He became known for his work The Callahan Chronicles: Who is Spider Robinson?
He graduated from Stony Brook University in 1971 and started working as a sewer guard in New York. Tired of this tiring and low-earning job, he started writing science fiction stories. In 1972, his story "The Man with the Eyes", set in Callahan's, was published in Analog Science Fiction magazine.
Spider Robinson was born in 1948 in the Bronx, New York. He was an avid science fiction reader. He grew up reading Robert Heinlein's children's novels. He attended a Catholic high school and spent his teenage years in seminaries.
He attended a Catholic college for two years and five years at the State University of New York at Stony Brook. He completed his undergraduate studies in English at the same university. While at Stony Brook, he played guitar in campus cafes and meetings and sang songs with his girlfriend. During these years, he adopted the pseudonym "Spider" due to his admiration for the blues musician "Spider" John Koerner.
Spider Robinson (born November 24, 1948) is an American-born Canadian science fiction author. He has won a number of awards for his hard science fiction and humorous stories, including the Hugo Award 1977 and 1983, and another Hugo with his co-author and wife Jeanne Robinson in 1978.
In 1971, he worked as a sewer guard in New York and began writing science fiction. He sold his first short story to Analog Science Fiction magazine in 1972. The story “The Guy with the Eyes” (Analog, February 1973) appeared in a collection of bar stories called Callahan's Place. The author continued to write Callahan's Place stories into the 21st century. These stories were later collected in a series of books.
He moved to Nova Scotia in 1973 and began writing full-time. In 1974 he won the John Campbell Award in the Best New Writer category. His short stories have been featured in Analog, Galaxy Science Fiction Magazine, and several other magazines. In 1975, he married choreographer, dancer, and Sōtō Zen priest Jeanne Robinson, with whom he later wrote the “Stardance” trilogy. He worked as a book reviewer for Galaxy Magazine in the mid-to-late 1970s. In 1978-79, he wrote book reviews for Jim Baen's original anthology series "Destinies." For several years thereafter, he wrote reviews for Analog, including Heinlein's latest works.

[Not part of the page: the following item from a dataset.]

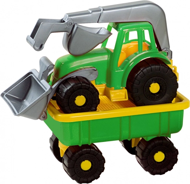 A Androni márkájú, masszív traktor rakodó levehető pótkocsival és hátsó kanállal 12 hónapos kortól órákig tartó szórakozást nyújt otthon és a szabadban. A pótkocsi fedele levehető szitaként szolgál, az egész jármű pedig minőségi, erős és rugalmas műanyagból készült Olaszországban. 58 cm-es hossza miatt homokozóba és kertbe is ideális, és nagyobb terhelést is bír – óvodákba is kiváló.

Robinson's first published novel, Telempath (1976), was a sequel to his Hugo Award-winning novel "By Any Other Name." For the next three decades, he published a book approximately every year, including short story collections. His short stories in the long-running Callahan series were published in 1997 under the title Callahan's Crosstime Saloon. These stories and later novels made frequent references to the works of mystery writer John D. MacDonald. The Sally McGee in his stories echoed Travis McGee, the central character in MacDonald's mystery novels. In 1992, he appeared as a master writer for the Hugo Awards at the World Science Fiction Congress (WorldCon) in Orlando, Florida. From 1996 to 2005, he was a columnist in the technology section of the Globe and Mail.
In 2006, Robinson published the novel "Variable Star", which he wrote based on a seven-page novel draft that Robert A Heinlein started writing and abandoned in 1955. He often expressed his admiration for Heinlein in various articles and books. Especially in the epilogue of "Variable Star", he talked about how Heinlein's works "Rocket Ship Galileo" and "Heinlein Juvenile" shaped his life.
After living in Vancouver for ten years, he moved to Bowen Island in 1999. He became a Canadian citizen in 2002. His wife Jeanne passed away on May 30, 2010, while continuing her treatment for bile cancer. His daughter Terri also died of breast cancer on December 5, 2014. He had a heart attack on August 31, 2013. Due to the health problems faced by his family, he preferred to stay away from literature after 2008. In 2013, he announced that he was working on his next "Orphan Stars" novel, which was progressing, albeit slowly. He simultaneously announced that he had started working on his autobiography. In 2018, he was announced as the Guest of Honor at the 76th World Science Fiction Congress.
He became best known in the international literary community with his work The Callahan Diaries. Robinson has resided in Canada for nearly forty years, primarily in the provinces of Nova Scotia and British Columbia.